В центральной части нынешнего Пскова проходит древняя крепостная стена. Поставленная четыреста лет назад, она славно служила русской земле: о камни ее не раз ломали свои копья захватчики. И псковитяне ни разу не сдавали врагу свой город. Стена сохранилась на всем девятикилометровом протяжении, и с первого взгляда видно, какая это необыкновенная древняя стена.

Вражеские тараны и ядра крошили стену, и время тоже потрудилось над ней; стена стала совсем древней, но по-прежнему стоит, и у нее прекрасная память. Рассказывают — и не в шутку — что когда в Псковский музей приходят заявки на исторические реликвии, сотрудники берут на плечо миноискатель и отправляются к стене на розыски, чтобы пошарить там в седых камнях и выковырнуть ядра, которые пролежали в этой стене триста-четыреста лет. Старый крепостной ров пересох, зарос травой, и влюбленные сидят обнявшись на откосах, а мальчишки с игрушечными пистолетами бегают среди развалин: им нипочем седая древность, хранимая стеной.

На выезде из Пскова, там, где лесистую равнину пересекает стрела Ленинградского шоссе, установлен памятник-монумент: революционные отряды молодой советской республики встретили и дали здесь решительный отпор немецким оккупантам: родилась Красная Армия. Земля запомнила эту строгую дату.

Я приехал в Псков после того, как побывал на Ильмень-озере. Не сразу, исподволь я подбирался к окопу на берегу Великой, теперь пришел его черед.

Машина быстро шла прямой автострадой. В войну здесь не было таких удобных дорог, и шофер Евгений охотно подтвердил это.

— Дорога общесоюзного значения: Ленинград — Киев.

За Островом повернули на дорогу областного значения: Остров Новоржев. Она была поуже и пожиже, но все равно это была хорошая дорога. Навстречу нам проносились шикарные автобусы с пестрой раскраской: туристы спешили по своим делам — кто в древний Псков, кто в Пушкинские горы на могилу великого русского поэта. Мы мчались навстречу друг другу — но разве цель у нас была не одна? Нас вело прошлое России.

Повинуясь стрелке указателя, мы свернули в сторону. Областная дорога кончилась. За ней пошли дороги районные, потом просто дороги, без всяких чинов и званий. Потом и эти дороги кончились, и мы поехали прямо по опушке леса. Начались дороги военные.

Солдат идет по земле, копает в ней щели, окопы, блиндажи. Идет солдат по земле, зарывается в землю, и земля иногда спасает его, иногда нет. Идет солдат по земле и пашет ее солдатской лопатой, орошает солдатской кровью. И выкопает солдат последний окоп, и останется в нем навсегда — земля все равно укроет его и схоронит, потому что это земля, которая родила и дала жизнь, и только она вправе забрать ее. И тогда другие солдаты будут продолжать идти по земле, вскапывать ее и орошать своей кровью… И вся родная русская земля от севера до юга изрыта окопами и засеяна жизнями, потому что по этой земле прошла война и прошли солдаты.

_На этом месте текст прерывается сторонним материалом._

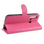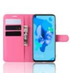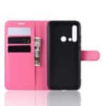 Huawei P20 Lite flipcover af litchi læder med pung, kortholdere og støttestativ – Rosa
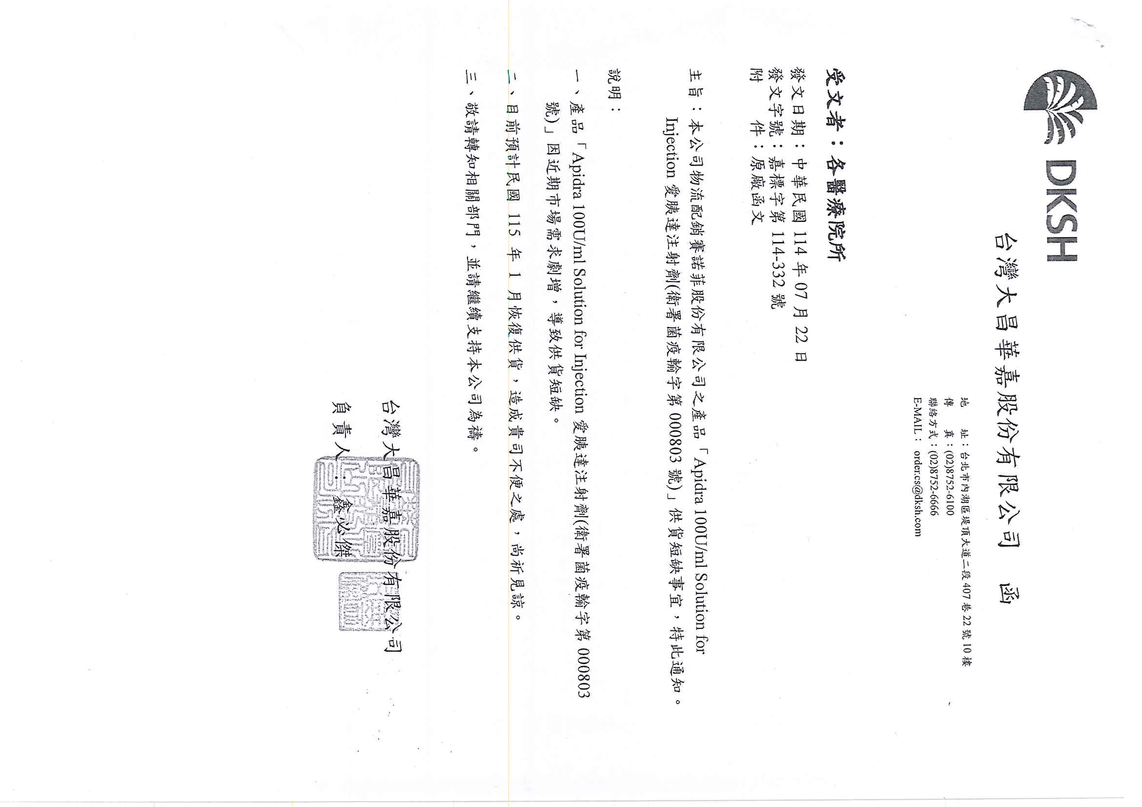 愛胰達注射劑 Apidra 100 U/ml solution for Injection (衛署菌疫輸字第000803號) 供貨短缺事宜如下,請查照。

— Сколько их! Сколько! — то с удивлением, то с испугом восклицал Евгений. — Вам ни за что не найти.

Парень сорок девятого года рождения, он и знать не знал, что такое война. Это обстоятельство, однако, не мешало ему быть уверенным, что мне ни за что не найти своего окопа и что вообще вся эта поездка — безнадежное дело.

За несколько часов мы проехали полтораста километров. Чтобы пройти этот путь на войне, потребовалось полгода, и на каждом километре мы теряли боевых друзей. И сейчас еще видно, как трудно было нам тогда идти. Старые линии окопов, воронки от бомб и снарядов рассказывали об этом. А на опушках, на дорогах, у околиц стояли скорбные фигуры, смотрящие в землю, или обелиски со звездами, или просто кресты — это мертвые рассказывали о том, как худо пришлось им на этой земле.

Земля помнит.

Земля помнит все. А люди уже успели забыть. Опять люди в военной форме маршируют на улицах немецких городов. И черный атомный гриб вздымается над планетой. И реактивные бомбовозы гудят над мирными городами Европы, и смертельный огонь затаился в люках. А из морской пучины, взорвав спокойную гладь воды, выходит «Поларис», и белый дымный след длинно стелется в ясном небе. А где-то кнопка есть, которую нажать ничего не стоит, и тогда огнем вспыхнет земля.

— Еще не поздно, — говорит склоненная гипсовая фигура на обочине, и пусть живые услышат этот голос.

Тяжелой кровью был завоеван мир, и от живых зависит сохранить его. И на обширных дорогах Европы стоят такие же склоненные гипсовые фигуры, распятья, кресты — и надписи под ними на двунадесяти языках: «Люди, помните».

Земля помнит — и люди должны учиться у земли не забывать. Иначе напрасно легли в землю погибшие.


3

У каждого солдата был свой заветный окоп, а то и просто ложбинка, кочка, крепкий пенек — все годилось в дело солдату.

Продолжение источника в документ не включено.